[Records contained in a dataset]
----------

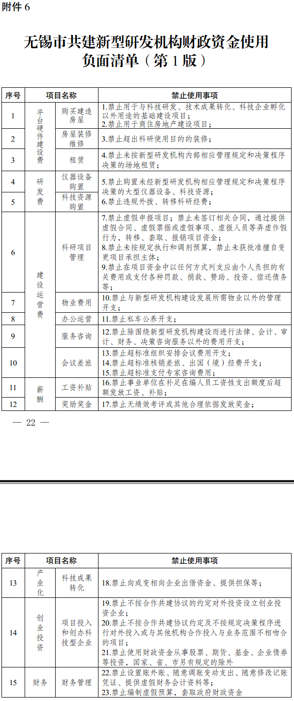 6.無錫市共建新型研發機構財政資金使用負面清單
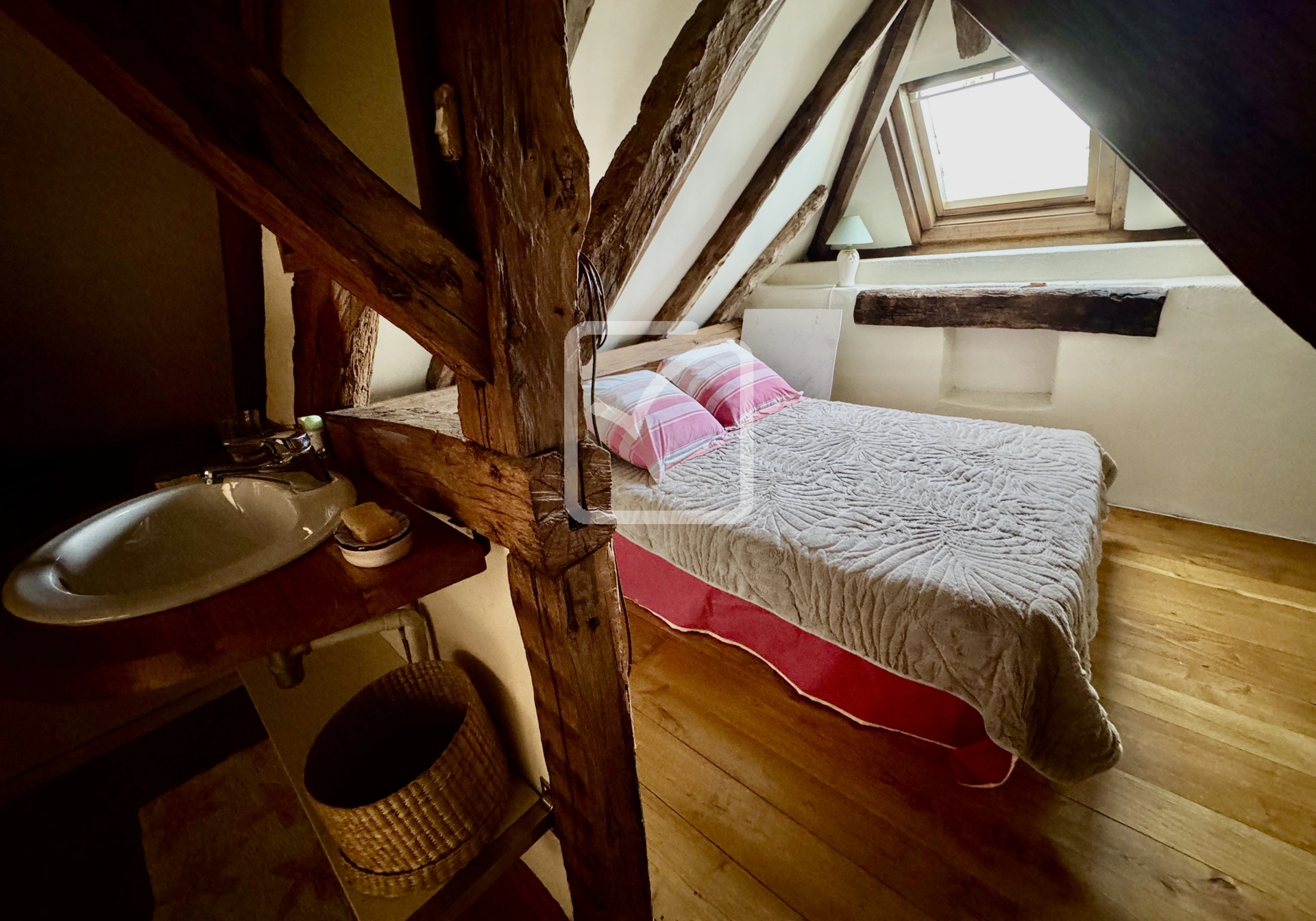 La première bâtisse, ancienne grange sublimée par une rénovation de caractère, déploie un volume de vie spectaculaire de 70 m2 baigné de lumière. Sa mezzanine aérienne prolonge l'espace avec subtilité, idéale pour un bureau ou un salon intimiste. À l'étage, trois chambres accueillantes, dont deux avec salles d'eau privatives, offrent un confort raffiné, renforcé par un équipement complet : plancher chauffant, insert et pompe à chaleur.
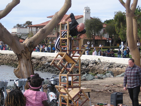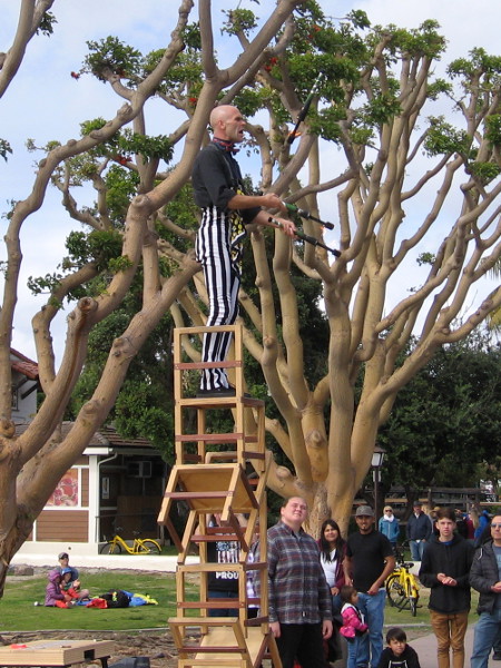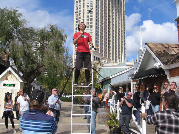 Sam Malcolm, a juggling comedian from Denver, Colorado, performs high atop a ladder during the Seaport Village Spring Busker Festival!
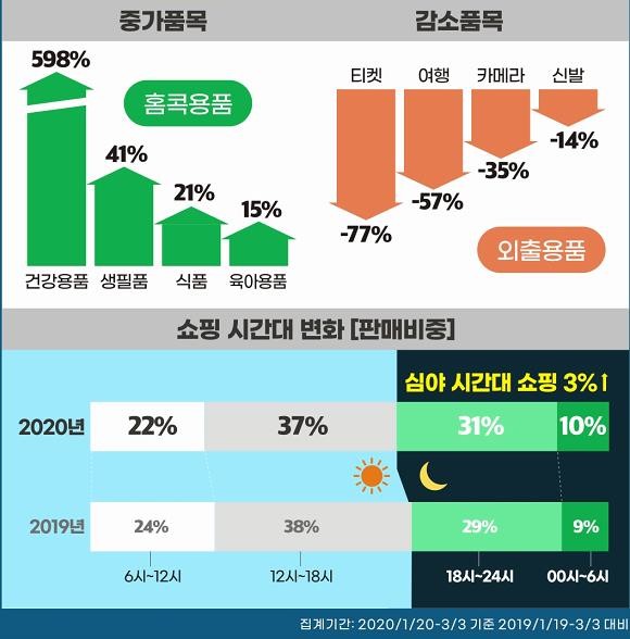 [프라임경제] 이베이코리아가 국내 코로나19 확진 발표가 있었던 지난 1월20일부터 3월3일까지 G마켓과 옥션의 판매 빅데이터를 작년 동기간(1월19일~3월3일)과 비교 분석한 결과, 상품군 및 쇼핑 시간대 등에 변화 추이를 보인다고 6일 밝혔다.
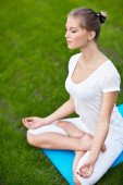 atrakcyjną dziewczyną w pozie jogi na świeżym powietrzu
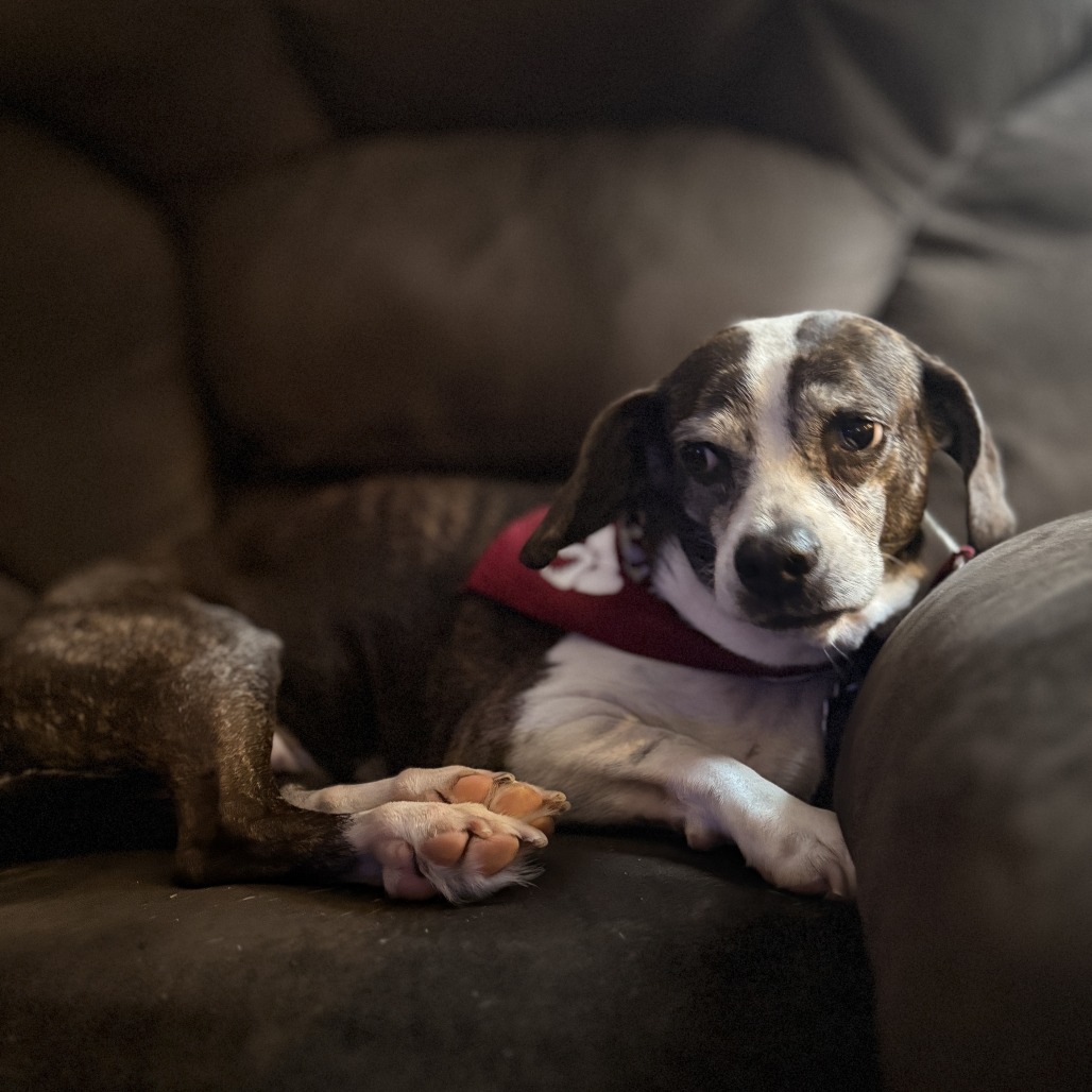 Honey Biscuit may be a senior lady, but she still has plenty of wiggle inside and out. This playful, ten-year-old beagle mix gets along well with dogs of all sizes. She enjoys being around people and whatever activities are bustling around her. When she gets excited, her hind end gets busy wiggling.
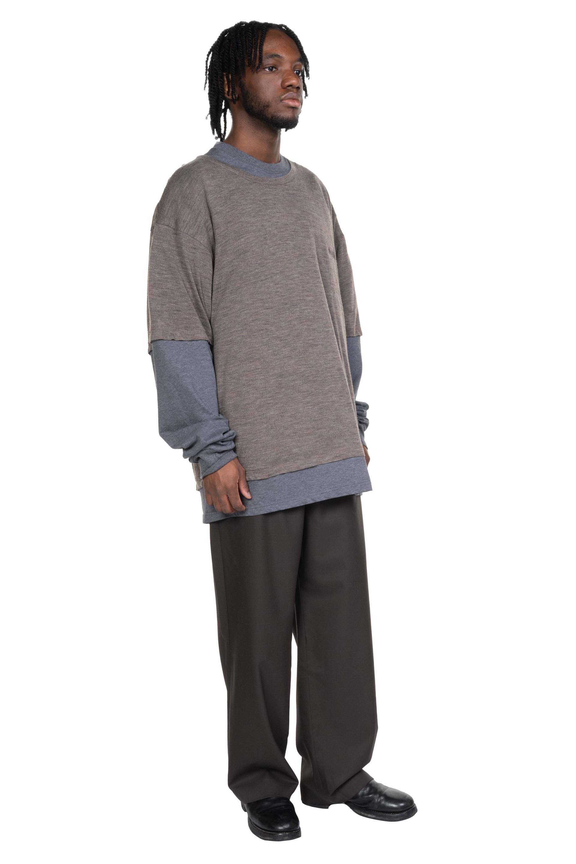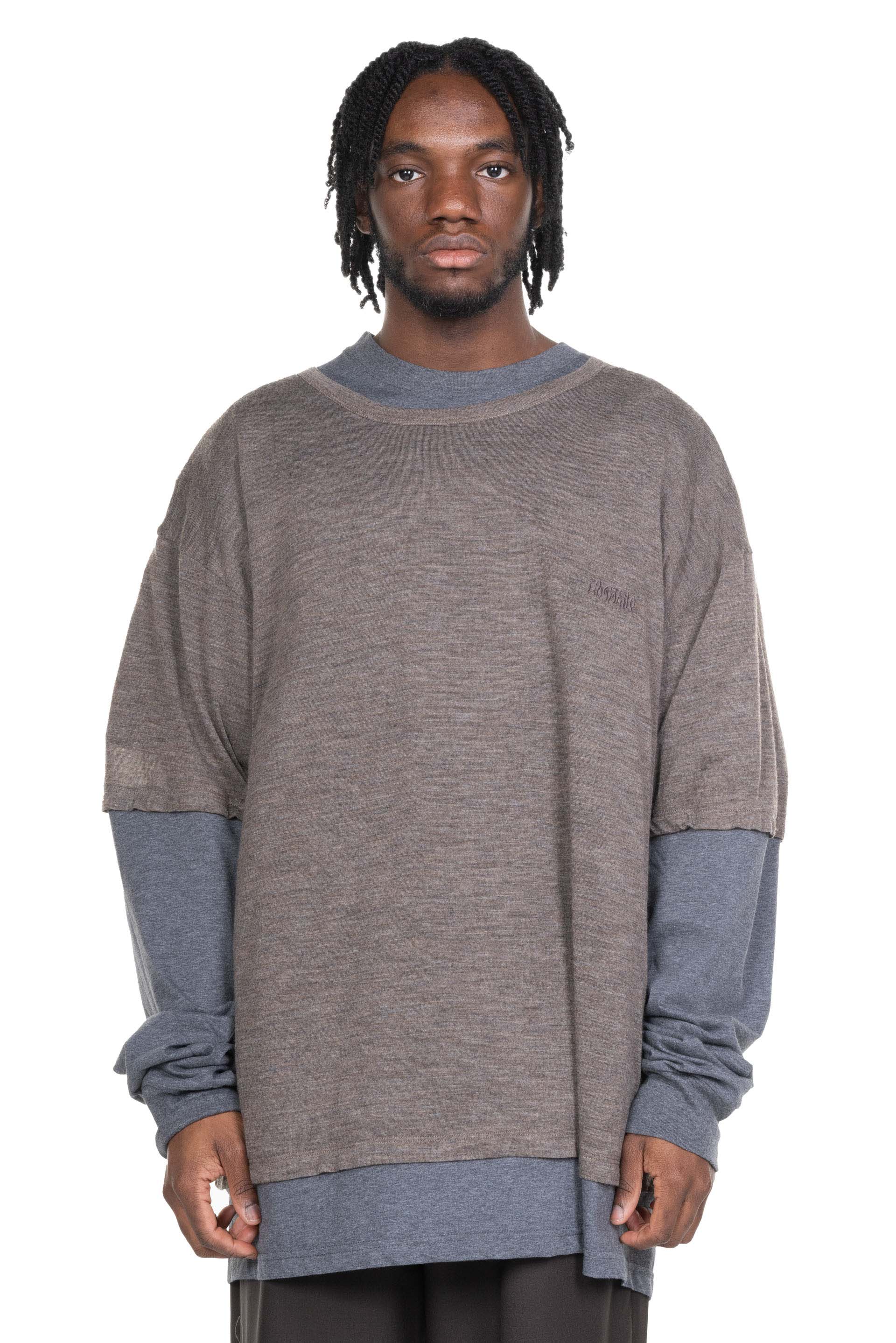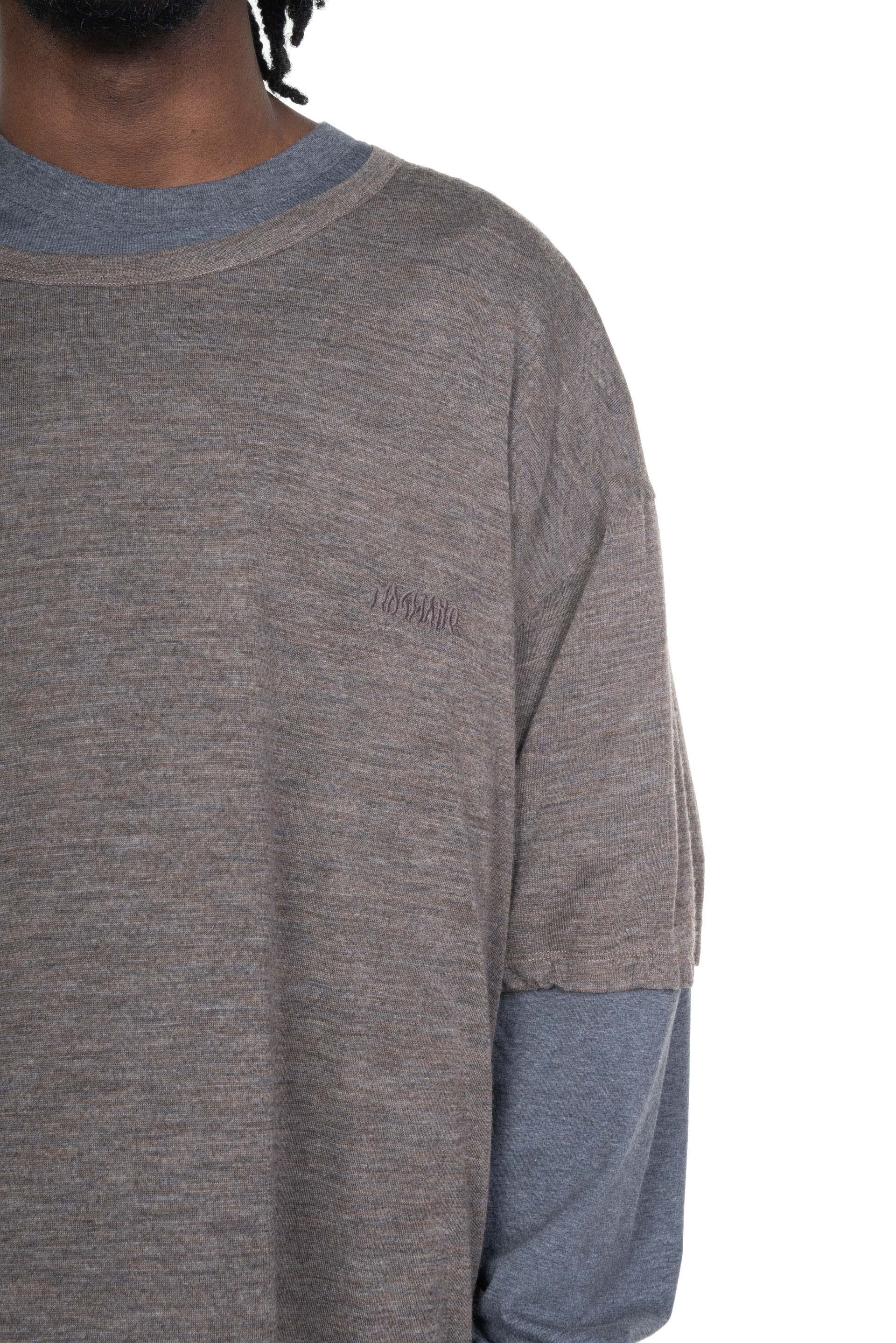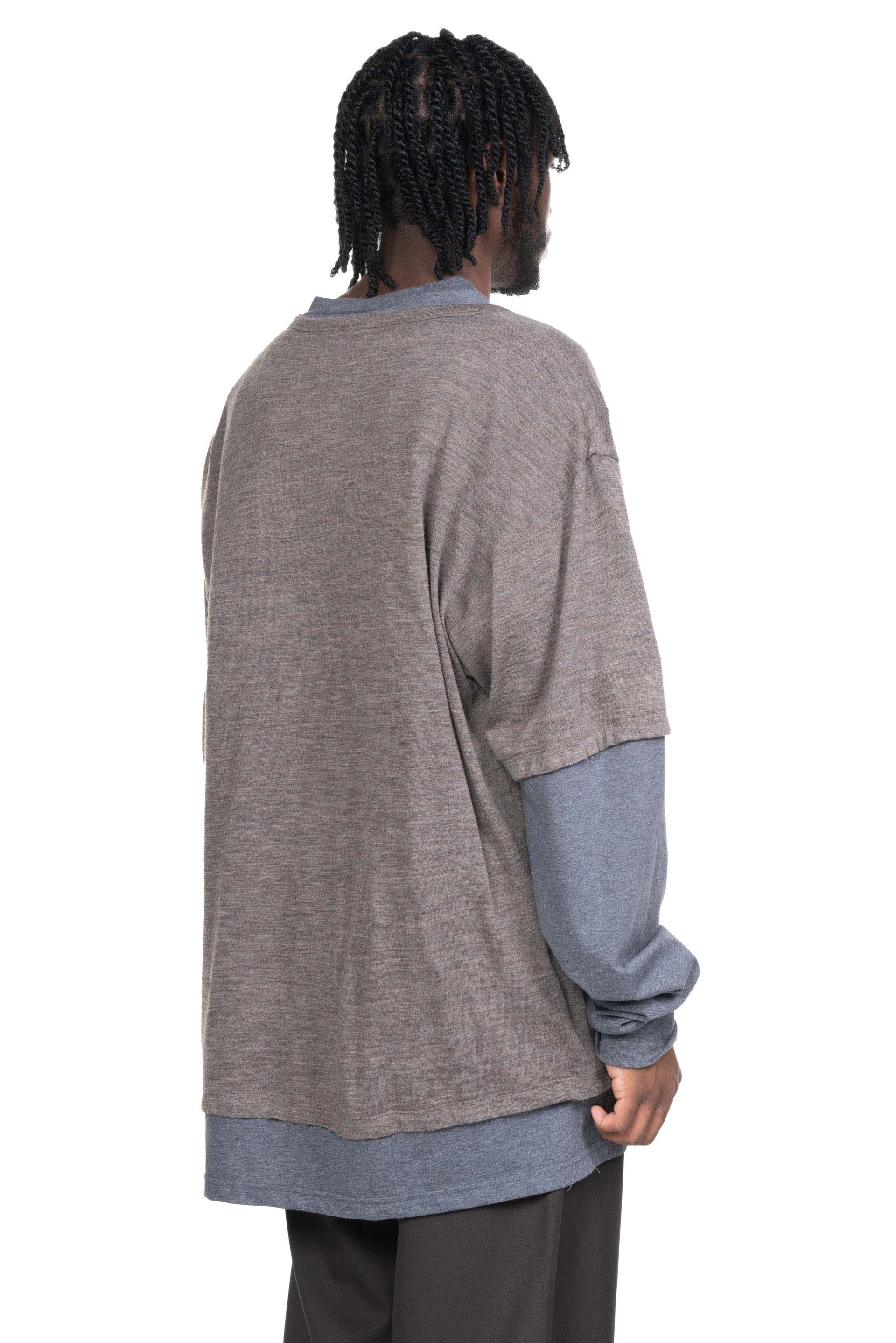 Cotton Jersey Trompe l'oeil effect Double T-shirt. Overlapping Long And Short Sleeve. Oversized Fit. Padded layer
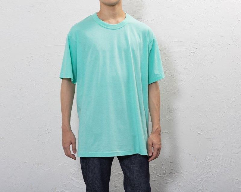 空気が1枚はいっているような適度なフィット感のシルエットです。軽やかな身生地に合わせた衿生地もバインダー衿でしっかり縫製することで度重なる洗濯にも伸びきらず、袖口、裾は横の引っ張り強度に優れた天地引き縫製をすることで長くご愛用頂けます。日本のTシャツ好きに愛されてきた1枚です。
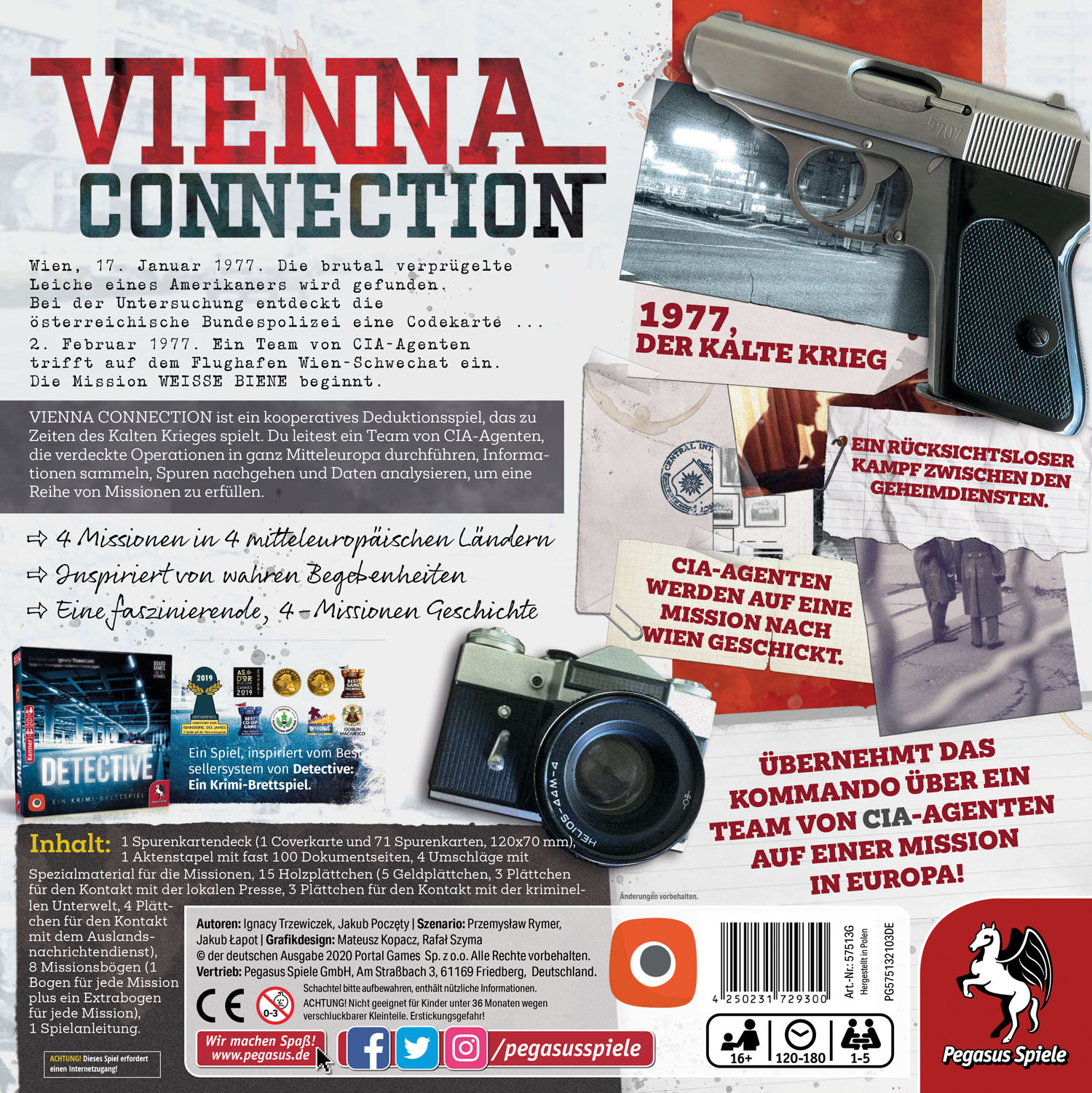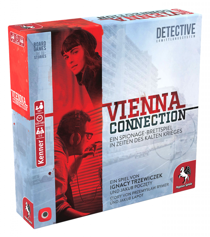 Vienna Connection wurde inspiriert von wahren Begebenheiten und basiert auf dem Investigationssystem von Detective - Ein Krimi-Brettspiel. Statt mit der digitalen Antares-Datenbank findet die Detektivarbeit jedoch stilecht analog statt. Den Spielern steht dazu ein Aktenstapel mit fast 100 Dokumentseiten zur Verfügung. Die faszinierende Geschichte führt das CIA-Team im Verlauf von vier Mission in vier mitteleuropäische Länder.

----------

_YOUR TASK_
Please copy the lines above, starting at the one that holds "Honey Biscuit may" and stopping after the last line, exactly as they appear and minus the pictures.

_ANSWER SECTION_
 Honey Biscuit may be a senior lady, but she still has plenty of wiggle inside and out. This playful, ten-year-old beagle mix gets along well with dogs of all sizes. She enjoys being around people and whatever activities are bustling around her. When she gets excited, her hind end gets busy wiggling.
 Cotton Jersey Trompe l'oeil effect Double T-shirt. Overlapping Long And Short Sleeve. Oversized Fit. Padded layer
 空気が1枚はいっているような適度なフィット感のシルエットです。軽やかな身生地に合わせた衿生地もバインダー衿でしっかり縫製することで度重なる洗濯にも伸びきらず、袖口、裾は横の引っ張り強度に優れた天地引き縫製をすることで長くご愛用頂けます。日本のTシャツ好きに愛されてきた1枚です。
 Vienna Connection wurde inspiriert von wahren Begebenheiten und basiert auf dem Investigationssystem von Detective - Ein Krimi-Brettspiel. Statt mit der digitalen Antares-Datenbank findet die Detektivarbeit jedoch stilecht analog statt. Den Spielern steht dazu ein Aktenstapel mit fast 100 Dokumentseiten zur Verfügung. Die faszinierende Geschichte führt das CIA-Team im Verlauf von vier Mission in vier mitteleuropäische Länder.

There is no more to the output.